What to do
Transcribe only the part of the material below that begins at the line containing "2021年7月20日,药明生" and ends at the line containing "值得注意的是,費(fèi)城", with both kept and images left out.

Record excerpts
══════════════════════════════
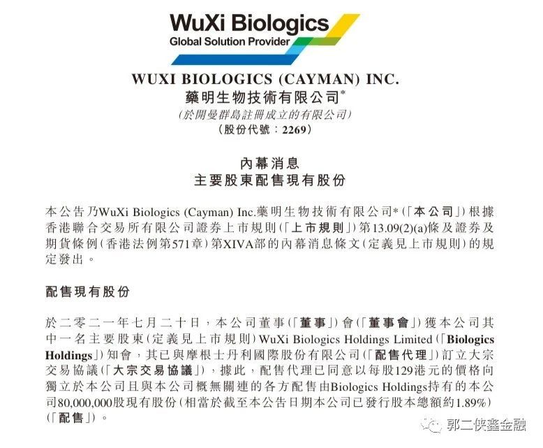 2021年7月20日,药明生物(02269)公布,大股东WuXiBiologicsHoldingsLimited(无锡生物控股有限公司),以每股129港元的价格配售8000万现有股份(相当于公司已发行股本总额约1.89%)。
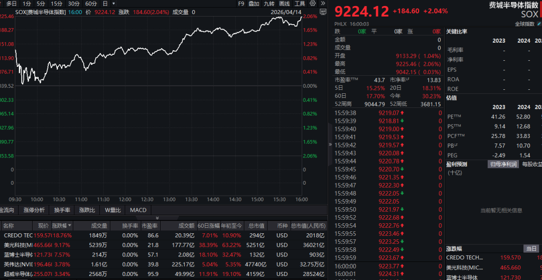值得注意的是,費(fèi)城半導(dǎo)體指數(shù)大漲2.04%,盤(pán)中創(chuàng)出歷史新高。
══════════════════════════════
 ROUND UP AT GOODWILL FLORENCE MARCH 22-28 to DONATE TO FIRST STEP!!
══════════════════════════════
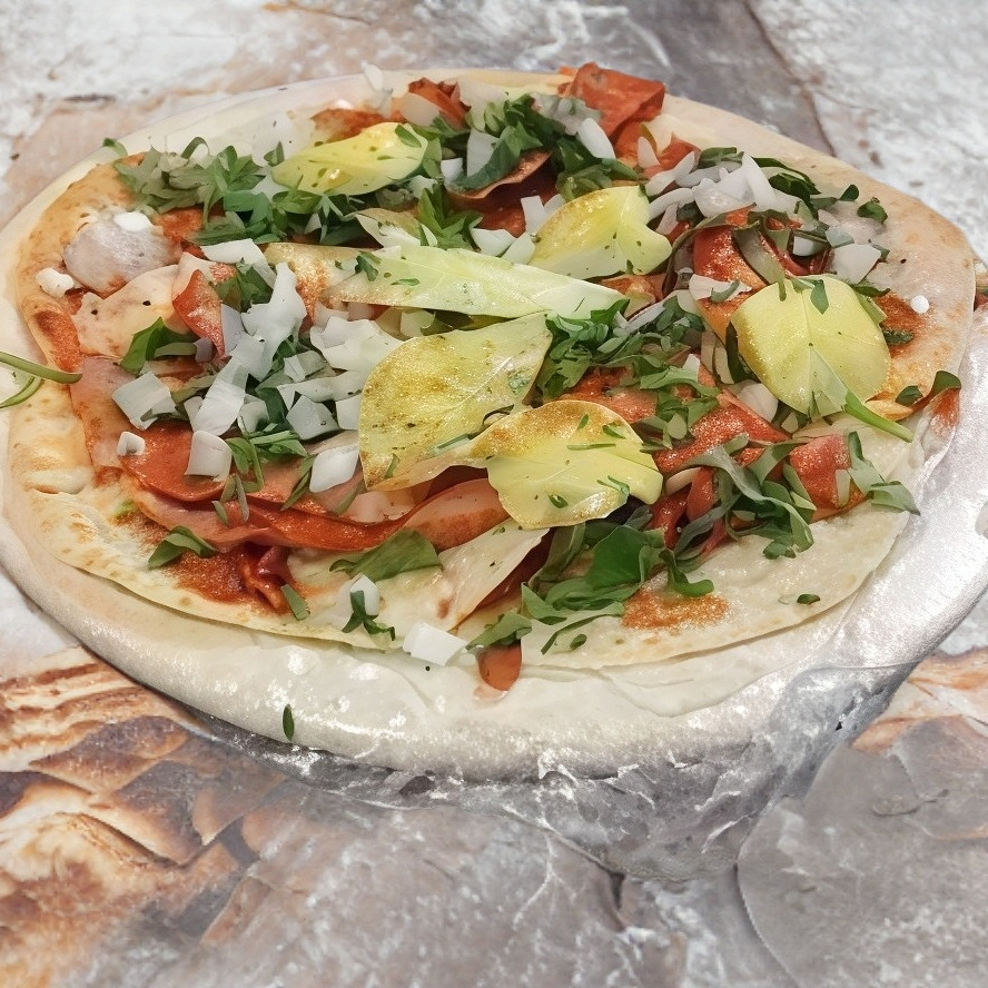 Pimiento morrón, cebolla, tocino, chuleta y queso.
══════════════════════════════
Final answer
 2021年7月20日,药明生物(02269)公布,大股东WuXiBiologicsHoldingsLimited(无锡生物控股有限公司),以每股129港元的价格配售8000万现有股份(相当于公司已发行股本总额约1.89%)。
值得注意的是,費(fèi)城半導(dǎo)體指數(shù)大漲2.04%,盤(pán)中創(chuàng)出歷史新高。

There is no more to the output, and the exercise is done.